Мое происхождение. (Впрочем, как раз дедушка, умерший в 1877 году, то есть даже не 60, а 83 года тому назад, был дворянином, помещиком и — о ужас! — графом! Правда, он провел 24 года в ссылке и, вернувшись оттуда, отказался от графского титула, дал вольную своим крестьянам, наделив их землей, а сам переселился с Волыни в Бессарабию, так как там никогда не было крепостного права). Против меня и мое прошлое: до освобождения Бессарабии в 1940 году у меня, на моих 42 га, была маленькая, но образцовая ферма племенного скота и семенное хозяйство, где я акклиматизировала новые сорта злаков, чтобы снабжать сортовыми семенами и племенным молодняком крестьян.

Вот еще одно „темное пятно“ моей биографии: зоотехническое и агрономическое образование я действительно получила за границей, что в глазах полковника Кошкина — тяжелый грех.

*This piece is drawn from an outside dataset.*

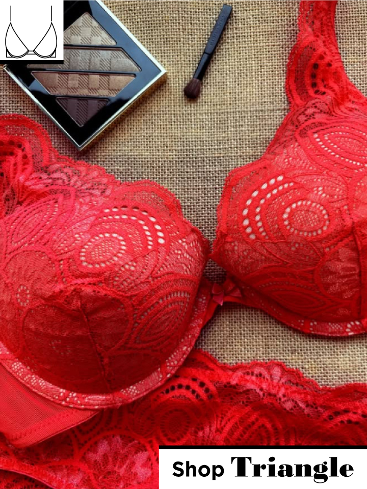 Add some glamour to your wardrobe with this sexy, modern triangle lace bra while achieving the famou…

И все же 28 июня 1940 года я не „убежала за границу“, а наоборот, с радостью и надеждой ожидала прихода своих, русских… Хотя чувствовала, что ждут меня испытания.

А ждать себя они не заставили: перед самой войной меня сослали в Нарымский край, где я работала на лесоповале. Там меня судили в 1943 году по ст. 58, п. 10 (за то, что я добивалась справедливости) и вторично в июне 1944 года в Новосибирске (по той же статье — за то, что мне не нравятся стихи Маяковского).

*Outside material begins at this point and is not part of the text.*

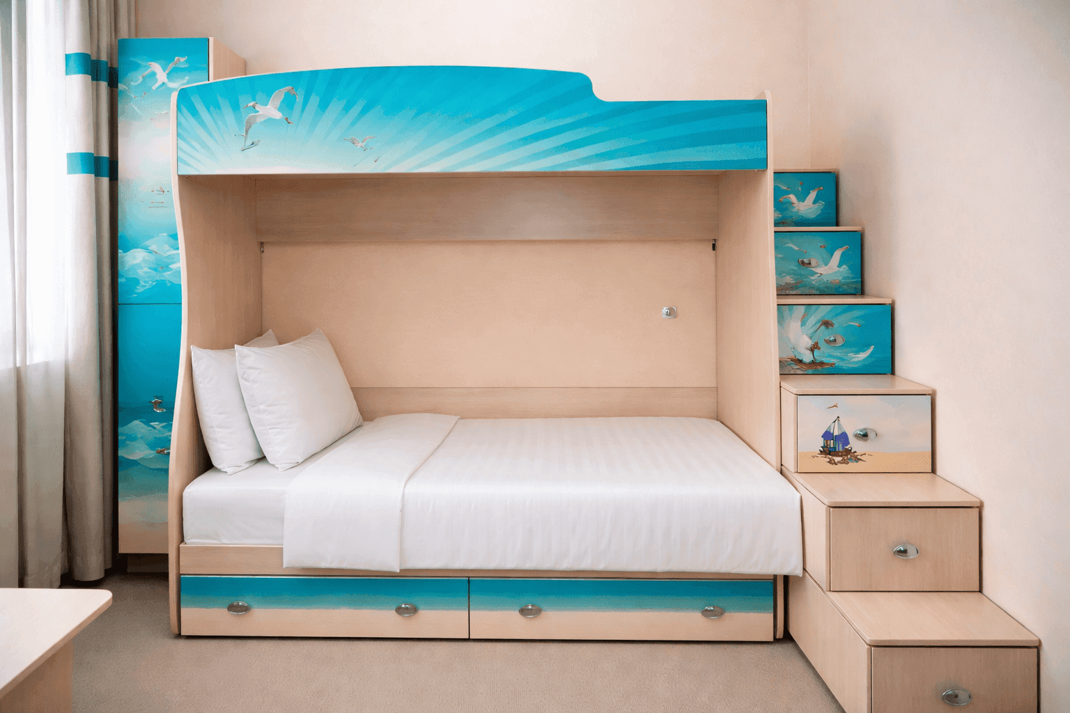 Семейный двухкомнатный четырёхместный комфорт с просторным балконом – это идеальный номер площадью 32 м² для полноценного отдыха всей семьи в бутик-отеле «АССОЛЬ». Две отдельные комнаты обеспечивают удобство и уединение взрослых и детей, а просторный балкон с видом на город станет любимым местом для совместного времяпрепровождения.

Дважды судимая. И оба раза по ст. 58, п. 10. Разве можно было после этого на что-то надеяться?! Но я надеялась… Больше того — я твердо верила. Все 20 лет верила, что в Советском Союзе труд действительно „дело чести, славы, доблести и геройства“!

Всегда я выбирала самый тяжелый труд, выполняла его с беззаветным, хоть и ослиным, упрямством и все ждала, что этот лозунг, который я проводила в жизнь, не щадя ни жизни, ни здоровья, все же перевесит и склонит весы в мою сторону. Я верила в это! А вера — это опиум: она ослепляет, обманывает… Вот и я сама себя обманывала и упорно не замечала тревожных симптомов.

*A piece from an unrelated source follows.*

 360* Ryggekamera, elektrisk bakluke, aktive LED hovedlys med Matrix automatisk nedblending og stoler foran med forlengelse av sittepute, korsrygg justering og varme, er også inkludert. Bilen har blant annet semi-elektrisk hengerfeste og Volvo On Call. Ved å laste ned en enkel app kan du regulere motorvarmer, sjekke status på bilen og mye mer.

Для меня было тяжелым и неожиданным ударом оказаться „на мушке“ у госбезопасности. И когда? Как раз тогда, когда позади — 13 лет работы на шахте, на моей шахте, где я работала на тяжелых и ответственных работах, где на моем счету числились спасенные мною жизни, предотвращенные аварии, немало внедренных рацпредложений.

Я надеялась с почетом закончить свою шахтерскую карьеру и ждала только права на пенсию, чтобы сказать своим товарищам-шахтерам „счастливо отработать“ и услышать от них „счастливо отдохнуть!“, то приветствие, которым мы, шахтеры, обмениваемся при сдаче смены.

Речь идет не только обо мне, о моей судьбе, но и о судьбе моей матери. Семнадцать лет считала я ее мертвой и лишь недавно узнала, что она жива и все эти годы учительствовала в Румынии. Я послала ей вызов. Но, чтобы получить право взять старушку на свое иждивение, я, выйдя на пенсию, должна была иметь 1200 рублей в месяц.

И все же, предвидя крушение всех своих надежд, я не пыталась ни найти лазейку, ни отвести удар, ни принять защитную окраску и прибегнуть к лицемерному раскаянию и лживым обещаниям.

Как всегда, я избрала оружием откровенность, а защитой — труд. И, как и положено, все пошло обычным порядком: с каждым словом я увязала все глубже. И все же поведение полковника Кошкина, по-моему, порочит само понятие „правосудие“: он решил расправиться со мной, натравив на меня моих же товарищей! Будто бы я их презираю, бросаю им вызов, не желая общаться с ними, называю их алкоголиками…

Мне казалось, что все это слишком нелепо, чтобы быть реальным! Все это слишком похоже на дурной сон!

Но нет! Это был не сон. Это был удар. И притом удар, нанесенный мне в спину…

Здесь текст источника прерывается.